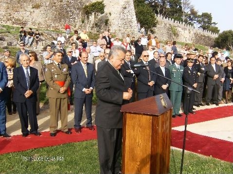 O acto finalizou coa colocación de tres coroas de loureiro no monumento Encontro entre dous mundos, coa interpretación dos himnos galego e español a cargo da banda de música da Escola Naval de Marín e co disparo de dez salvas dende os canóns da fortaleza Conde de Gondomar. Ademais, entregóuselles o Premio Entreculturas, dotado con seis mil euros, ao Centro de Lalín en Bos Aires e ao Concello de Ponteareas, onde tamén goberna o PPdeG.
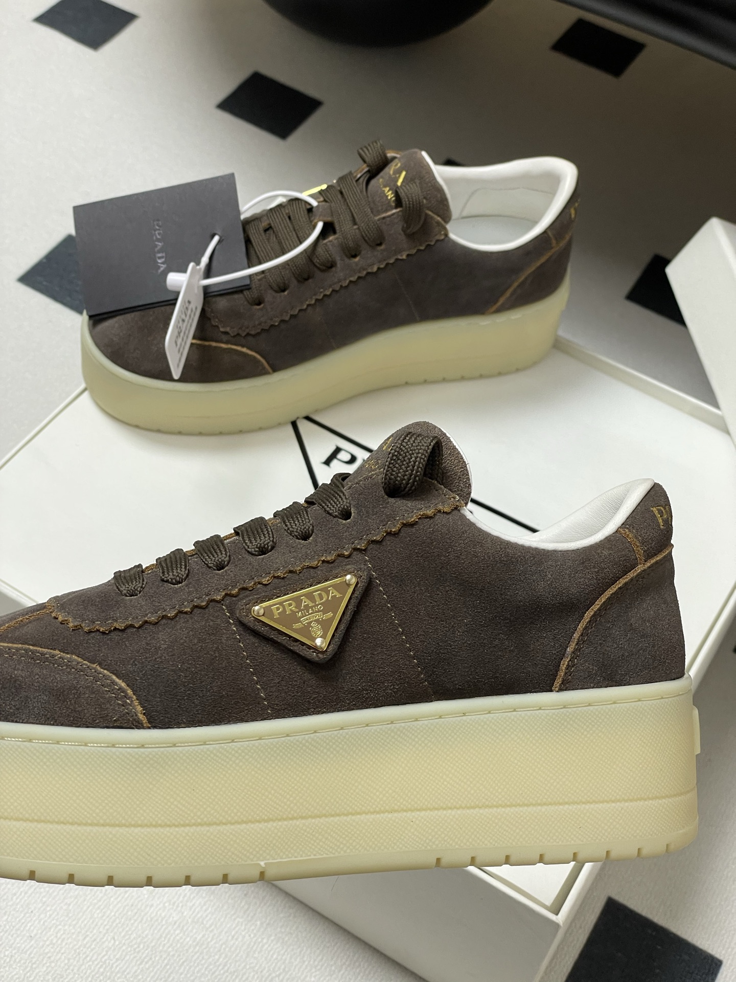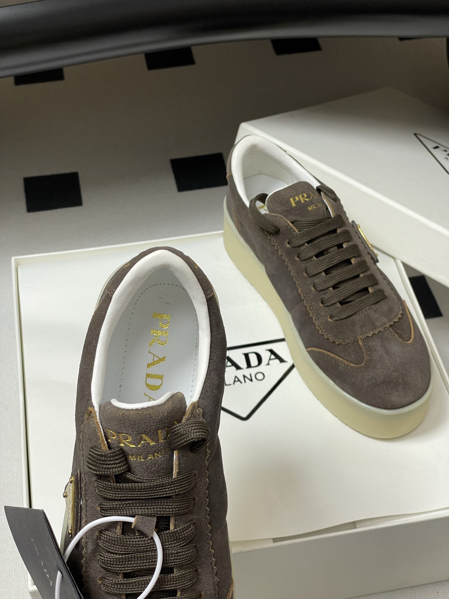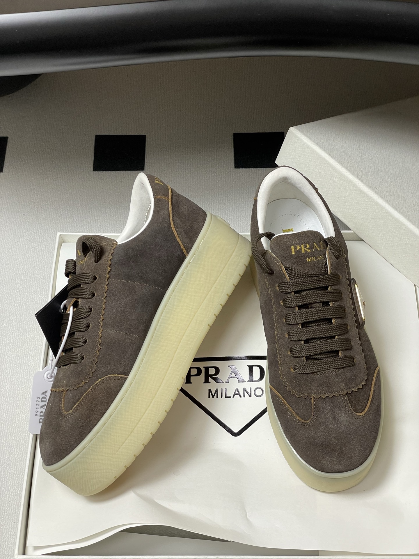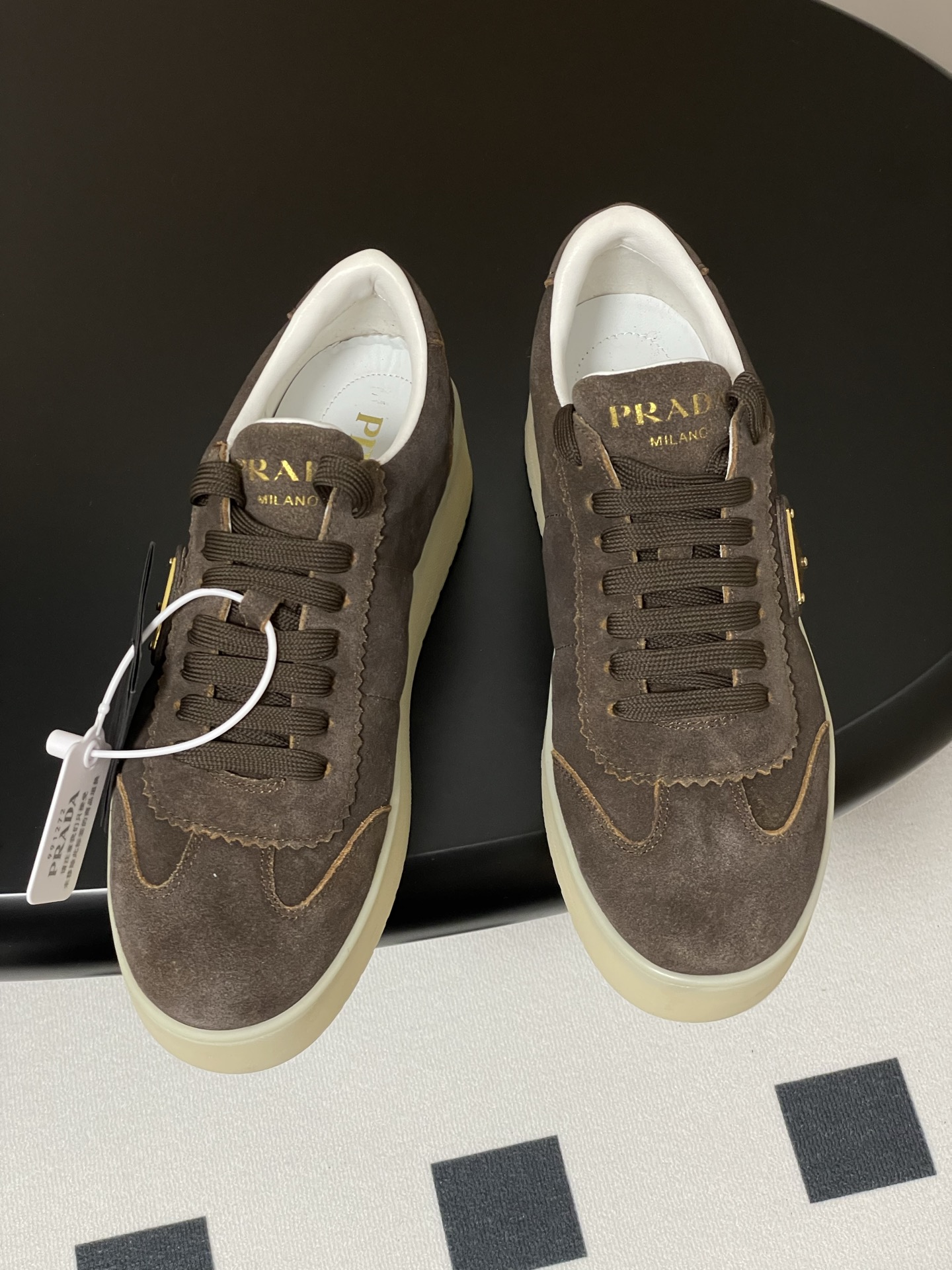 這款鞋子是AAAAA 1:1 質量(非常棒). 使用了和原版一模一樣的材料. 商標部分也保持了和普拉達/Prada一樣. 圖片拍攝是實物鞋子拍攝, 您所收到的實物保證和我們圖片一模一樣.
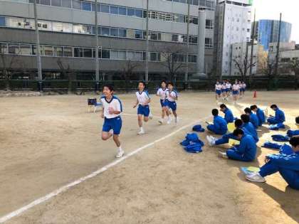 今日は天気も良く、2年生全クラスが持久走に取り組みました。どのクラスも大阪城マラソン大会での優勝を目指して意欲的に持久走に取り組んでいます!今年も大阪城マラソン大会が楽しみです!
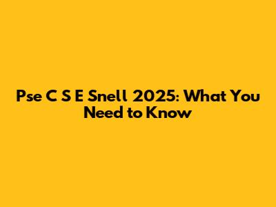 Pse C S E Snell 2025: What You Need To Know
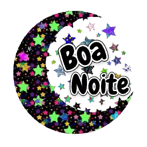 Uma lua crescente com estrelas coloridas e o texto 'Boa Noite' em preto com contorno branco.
══════════════════════════════
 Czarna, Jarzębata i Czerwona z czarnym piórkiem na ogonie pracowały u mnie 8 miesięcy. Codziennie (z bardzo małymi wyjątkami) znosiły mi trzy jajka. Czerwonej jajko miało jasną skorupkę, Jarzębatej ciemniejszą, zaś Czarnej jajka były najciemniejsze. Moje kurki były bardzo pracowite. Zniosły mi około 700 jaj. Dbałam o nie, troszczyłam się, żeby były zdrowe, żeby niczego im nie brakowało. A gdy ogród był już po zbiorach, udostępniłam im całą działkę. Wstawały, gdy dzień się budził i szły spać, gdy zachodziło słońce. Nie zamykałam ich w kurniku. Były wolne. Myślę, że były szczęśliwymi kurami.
══════════════════════════════
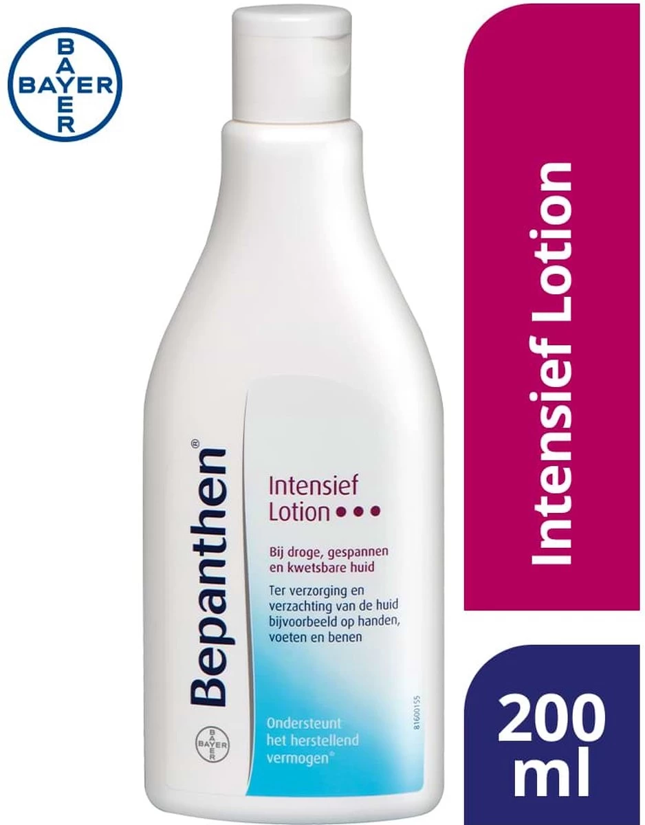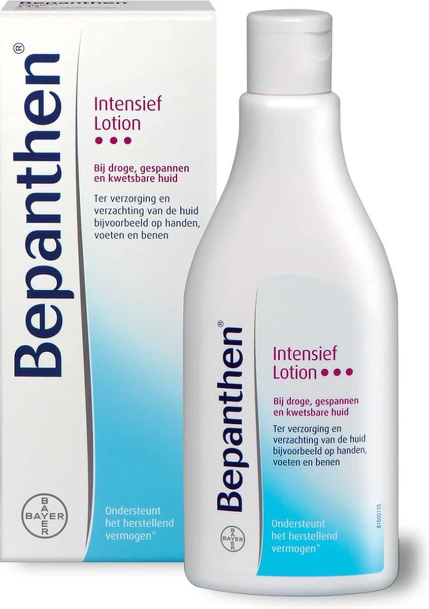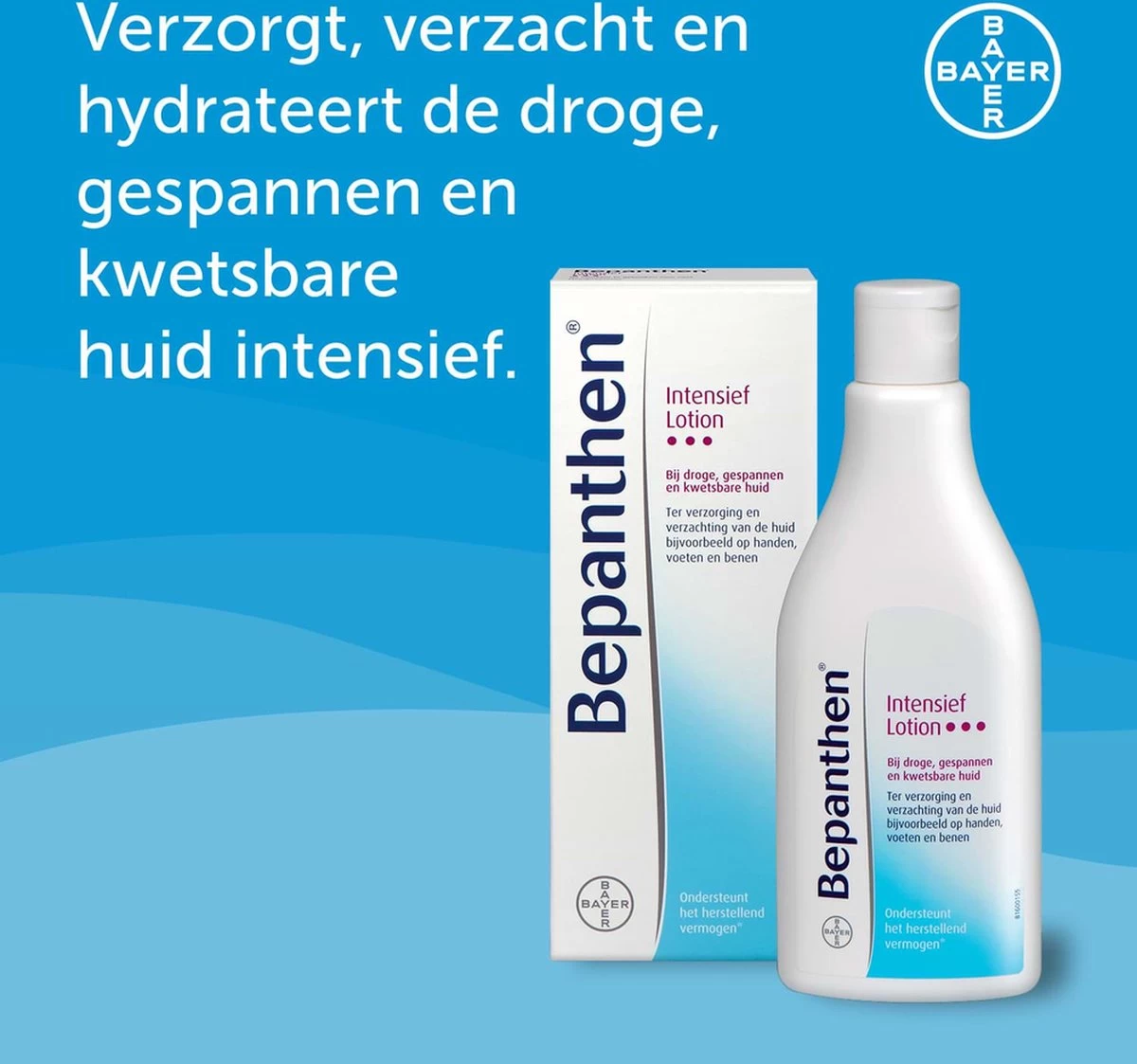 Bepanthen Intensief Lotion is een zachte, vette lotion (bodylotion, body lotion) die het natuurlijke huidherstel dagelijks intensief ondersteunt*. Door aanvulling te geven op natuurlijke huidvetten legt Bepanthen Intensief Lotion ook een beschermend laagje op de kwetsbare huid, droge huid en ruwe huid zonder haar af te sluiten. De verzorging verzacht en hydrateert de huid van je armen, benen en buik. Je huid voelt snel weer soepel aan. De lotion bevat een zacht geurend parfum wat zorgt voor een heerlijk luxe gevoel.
══════════════════════════════
**DIRECTIONS FOR THIS TASK**
Set the pictures aside and retype exactly the lines above from the line with "O acto finalizou" to the line with "Uma lua crescente", both included, adding no others.

**EXERCISE OUTPUT**
 O acto finalizou coa colocación de tres coroas de loureiro no monumento Encontro entre dous mundos, coa interpretación dos himnos galego e español a cargo da banda de música da Escola Naval de Marín e co disparo de dez salvas dende os canóns da fortaleza Conde de Gondomar. Ademais, entregóuselles o Premio Entreculturas, dotado con seis mil euros, ao Centro de Lalín en Bos Aires e ao Concello de Ponteareas, onde tamén goberna o PPdeG.
 這款鞋子是AAAAA 1:1 質量(非常棒). 使用了和原版一模一樣的材料. 商標部分也保持了和普拉達/Prada一樣. 圖片拍攝是實物鞋子拍攝, 您所收到的實物保證和我們圖片一模一樣.
 今日は天気も良く、2年生全クラスが持久走に取り組みました。どのクラスも大阪城マラソン大会での優勝を目指して意欲的に持久走に取り組んでいます!今年も大阪城マラソン大会が楽しみです!
 Pse C S E Snell 2025: What You Need To Know
 Uma lua crescente com estrelas coloridas e o texto 'Boa Noite' em preto com contorno branco.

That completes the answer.